Однако реальная типология жанров прозы Блока, как и у любого оригинального критика, лишь приблизительно координируется с этой обобщенной жанровой схемой. Лиризм, стихийное стремление к образному построению и многие другие особенности блоковской прозы - индивидуальные и зависимые от общих тенденций искусства начала века - вырастали в ней как особые доминанты, смещавшие отчасти не только намеченные выше, но и все возможные жанровые границы. Так, лирические статьи (например, "Безвременье", "Поэзия заговоров и заклинаний") или лирические рецензии (например, на "Вторую симфонию" Белого или замечательный отзыв на пятый сборник "Знания"), оставаясь в общем смысле статьями и рецензиями, приобретали у Блока силой своего лиризма и особой блоковской образности не только отличительный содержательно-стилевой, но и специфически-индивидуальный жанровый характер, сдвигаясь в сторону стиховой лирики и лирического этюда. Недаром Блок имел возможность, не нарушая стиля своих статей, вводить в их текст свои лирические стихотворения или их фрагменты (см. статьи "Безвременье", "О современном состоянии русского символизма", "Памяти В.Ф. Коммиссаржевской"). Он пользовался этой возможностью редко, но самый факт ее существования показателен. В границах пушкинской или, скажем, ахматовской эстетической нормы такое сближение лирики и критики было бы немыслимым.

Известную роль в индивидуализации жанров блоковской прозы, прежде всего его статей, сыграл и тот тип изданий, в которых Блок преимущественно печатался.

Свои статьи и рецензии Блок большей частью помещал в журналах, значительно реже - в газетах, еще реже - в сборниках и книгах. При этом молодой Блок как критик сотрудничал главным образом в символистской прессе, особенно интенсивно - в четырех символистских журналах: в "Новом пути" (11 рецензий - 1903 - 1904), в "Вопросах жизни" (статья и 14 рецензии - 1905), в "Перевале" (3 статьи и 2 рецензии - 1906 - 1907) и больше всего по объему текста - в "Золотом руне" (13 статей и 5 рецензий - 1906 - 1908). Все эти издания были камерными, элитарными, предназначенными "для немногих", малотиражными (например, количество подписчиков на "Весы" колебалось от 670 до 1691; в "Золотом руне" 1906 года было 934 подписчика, и только в "Новом пути" число их доходило до двух с половиной тысяч).

В журналах дооктябрьского периода, стоявших вне модернизма, Блок-критик печатался исключительно мало: в общей сложности он поместил в них лишь две небольшие памятки и две незначительные рецензии.
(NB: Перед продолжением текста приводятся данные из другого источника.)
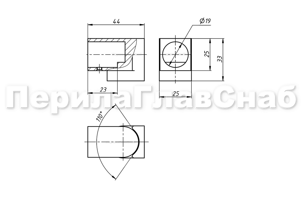 Крепежный элемент глухой шарнирный для трубы 19 мм, черный t911 BL купить в Нижнем Новгороде
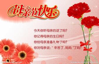 人不孝,不可交;人盡孝,品德高;愛母心,不可拋;報(bào)母恩,要勤勞。母親節(jié),要問好;康乃馨,真情表。你與我,多年交;母親在,樂陶陶!
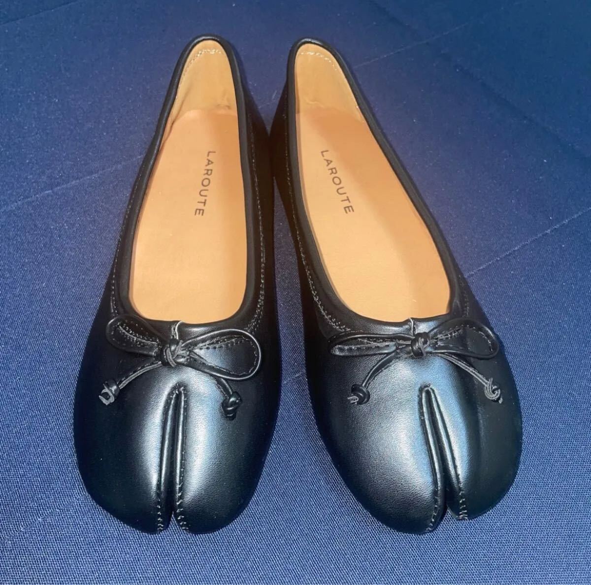 超美品★LAROUTEタビフラットパンプス★シューズ★ブラック★靴★M★23.5★バレーシューズ★黒
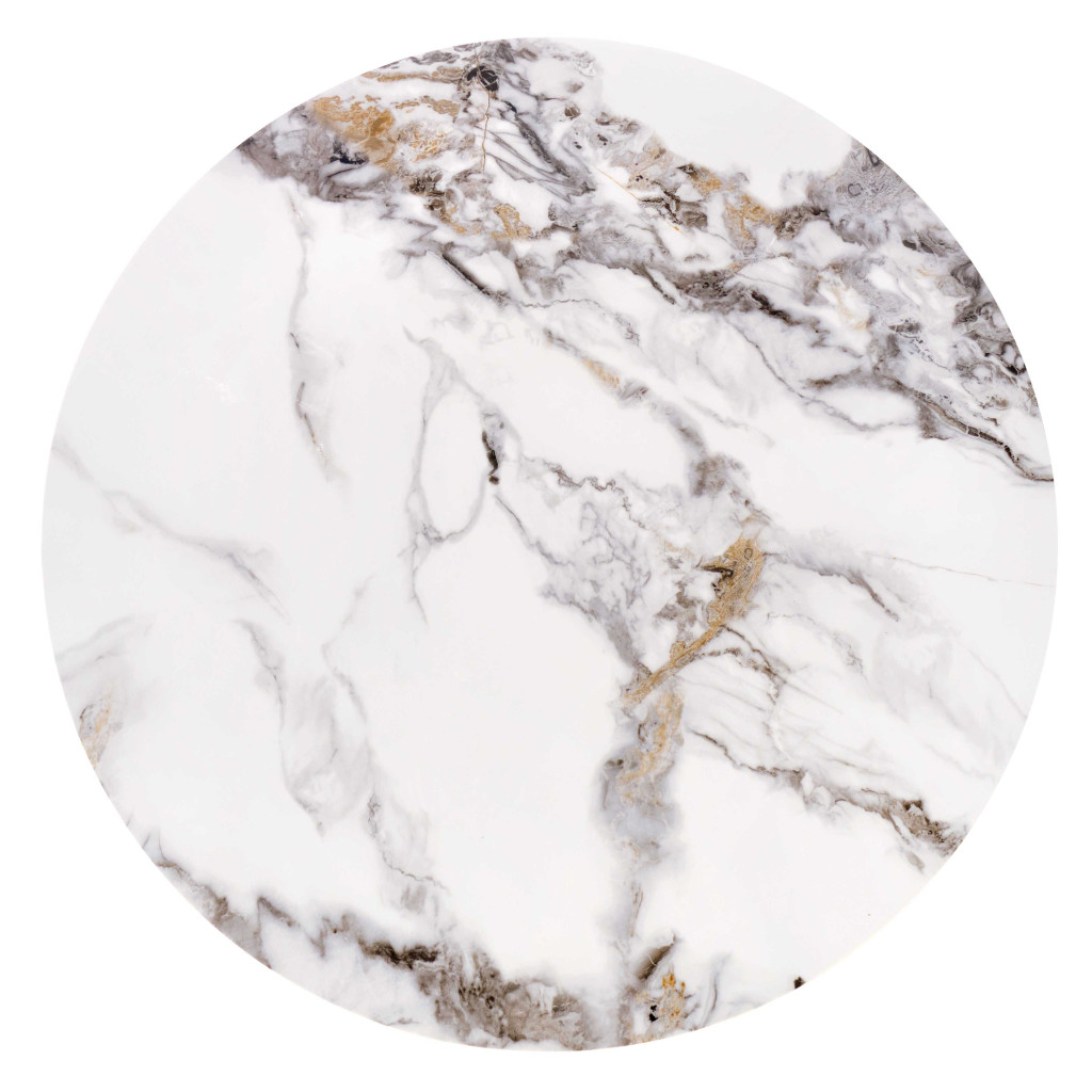 A masszív fém váz stabilitást és hosszú élettartamot garantál, míg a márvány hatású asztallap könnyen tisztítható és ellenáll a mindennapi használatnak. A fekete lábak modern megjelenést biztosítanak, miközben kecses, légies hatást keltenek.

В газетной прессе ранний Блок как автор статей и рецензий участвовал также более чем ограниченно: он сотрудничал в течение полугода лишь в одной газете, допускавшей на свои страницы символистов, - "Литературных приложениях к газете "Слово" (статья и 8 рецензий - 1906). К 10-м годам и позже, в годы, предшествовавшие Октябрю, когда большие ежемесячные журналы символистов прекратили свое существование, а сам Блок заметно охладел к ведущим деятелям символизма и к его групповой программе, он выступал со своими критическими сочинениями меньше, чем в предыдущий период. В те годы он печатался в более или менее случайных для него изданиях, особенно в газетах, причем только в одной из них - в газете "Речь" - сотрудничал некоторое время систематически (10 статей и 9 рецензий, скорее микрорецензий, - 1908 - 1911).
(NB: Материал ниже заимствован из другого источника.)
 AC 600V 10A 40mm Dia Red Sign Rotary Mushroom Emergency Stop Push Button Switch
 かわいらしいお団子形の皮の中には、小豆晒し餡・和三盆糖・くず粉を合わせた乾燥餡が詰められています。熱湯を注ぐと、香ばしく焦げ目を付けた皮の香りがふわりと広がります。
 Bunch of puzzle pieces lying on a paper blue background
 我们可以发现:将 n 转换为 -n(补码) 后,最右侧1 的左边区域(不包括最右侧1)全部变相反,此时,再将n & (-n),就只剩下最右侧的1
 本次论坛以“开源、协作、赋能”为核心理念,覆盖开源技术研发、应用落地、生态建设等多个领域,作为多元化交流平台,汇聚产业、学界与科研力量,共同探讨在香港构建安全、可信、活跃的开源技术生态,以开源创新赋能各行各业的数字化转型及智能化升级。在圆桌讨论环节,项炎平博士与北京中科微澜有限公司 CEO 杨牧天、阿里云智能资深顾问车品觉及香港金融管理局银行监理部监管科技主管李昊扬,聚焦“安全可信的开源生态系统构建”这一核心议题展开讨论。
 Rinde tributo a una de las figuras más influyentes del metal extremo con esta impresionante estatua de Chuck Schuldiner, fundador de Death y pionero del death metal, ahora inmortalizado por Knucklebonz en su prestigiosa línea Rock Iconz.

При этом представляется любопытным и тот факт, что не только Блок интересовался "газетным миром", но и сам "газетный мир" интересовался Блоком и пытался его втянуть. О сотрудничестве Блока в "Литературных приложениях к газете "Слово", куда привлекал молодого Блока редактор этого "Приложения" П.П. Перцов, уже говорилось. В 1912 году Блока настойчиво приглашал участвовать в большой либеральной московской газете "Русское слово" ее петербургский представитель журналист А.В. Руманов, который, по свидетельству М.А. Бекетовой, "хотел сделать из Блока грандиозного публициста", считая, что у него есть к этому достаточно данных. (Блок напечатал в этой газете лишь несколько стихотворений.) Наконец, незадолго перед Февральской революцией такую же попытку совершил Леонид Андреев, надеясь на сотрудничество Блока в газете "Русская поля" (Блок отказался, считая эту газету для себя неприемлемой).
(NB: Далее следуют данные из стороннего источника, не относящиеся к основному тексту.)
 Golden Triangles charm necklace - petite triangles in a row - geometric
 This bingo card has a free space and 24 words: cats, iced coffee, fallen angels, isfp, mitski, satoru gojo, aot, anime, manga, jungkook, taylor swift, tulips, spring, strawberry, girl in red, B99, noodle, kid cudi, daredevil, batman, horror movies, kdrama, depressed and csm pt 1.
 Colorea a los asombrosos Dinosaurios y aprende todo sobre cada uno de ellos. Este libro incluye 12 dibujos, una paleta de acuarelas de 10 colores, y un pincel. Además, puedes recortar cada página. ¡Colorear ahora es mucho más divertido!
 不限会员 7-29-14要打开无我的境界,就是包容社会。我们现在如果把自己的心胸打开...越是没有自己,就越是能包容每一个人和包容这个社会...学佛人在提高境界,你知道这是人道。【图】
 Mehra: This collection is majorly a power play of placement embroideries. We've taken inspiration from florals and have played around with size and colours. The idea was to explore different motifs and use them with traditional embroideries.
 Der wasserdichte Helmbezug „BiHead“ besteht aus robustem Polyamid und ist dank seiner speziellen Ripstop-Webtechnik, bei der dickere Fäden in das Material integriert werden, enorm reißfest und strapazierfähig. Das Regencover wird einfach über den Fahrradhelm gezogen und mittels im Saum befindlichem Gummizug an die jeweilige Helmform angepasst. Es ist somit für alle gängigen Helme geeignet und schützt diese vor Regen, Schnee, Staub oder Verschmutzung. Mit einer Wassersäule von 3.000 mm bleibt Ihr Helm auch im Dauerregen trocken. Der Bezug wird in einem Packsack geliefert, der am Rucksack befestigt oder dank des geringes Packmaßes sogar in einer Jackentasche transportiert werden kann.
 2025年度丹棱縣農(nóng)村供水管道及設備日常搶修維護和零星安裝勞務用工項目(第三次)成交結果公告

Причастность блоковской прозы к журнальному или газетному литературным мирам имела во многих отношениях большое значение. Проза Блока, обращенная в замедленные просторы журнального мира, и сочинения поэта, отвечающие подвижным и злободневным установкам газетной печати, при всех неизменных свойствах блоковского прозаического творчества, отличались друг от друга по содержанию, по жанрам и по стилю.

Если говорить не о правиле, а о преобладающей тенденции, можно утверждать, например, что статьи Блока в журналах (и книгах), как это обычно бывает, значительно превосходили по своим размерам его газетные статьи, объем которых, естественно, ограничивался компактной газетной формой. Для сравнения достаточно сопоставить хотя бы его большие журнальные обозрения - "О реалистах", "О лирике", "О драме" - с короткими газетными статьями-фельетонами: "Вечера "искусств", "Душа писателя", "Горький о Мессине", "Искусство и газета". При этом следует заметить, что самые большие по размерам журнальные выступления Блока намного меньше, чем общеизвестные хрестоматийные статьи Добролюбова и даже статьи Михайловского, и все же они в несколько раз больше принятого, прочно установившегося типа критических опусов, которые помещались в наиболее авторитетном журнале символистов "Весы".

Эта относительная объемность блоковских статей (главным образом "обозрений") была связана с широтой их идейно-тематического диапазона, а в конечном счете, хотя бы и очень косвенно, отражала мечту Блока тех лет "о журнале с традициями добролюбовского "Современника" или "о большом журнале с широкой общественной программой, "внутренними обозрениями" ц т.д. ". Очевидно, в этом частном вопросе давало себя знать стадиально промежуточное положение Блока на границе, разделяющей русскую классику и модернизм, литературу и журналистику XIX и XX веков, - положение, которое во многом определило идейное содержание его творчества, его этику и поэтику и придавало его поэзии особую силу и размах, давая возможность ему подыматься над ограничениями, нередко возникающими в результате локальной прикрепленности писателя к одной лишь своей эпохе, без выхода в другие сферы исторического времени.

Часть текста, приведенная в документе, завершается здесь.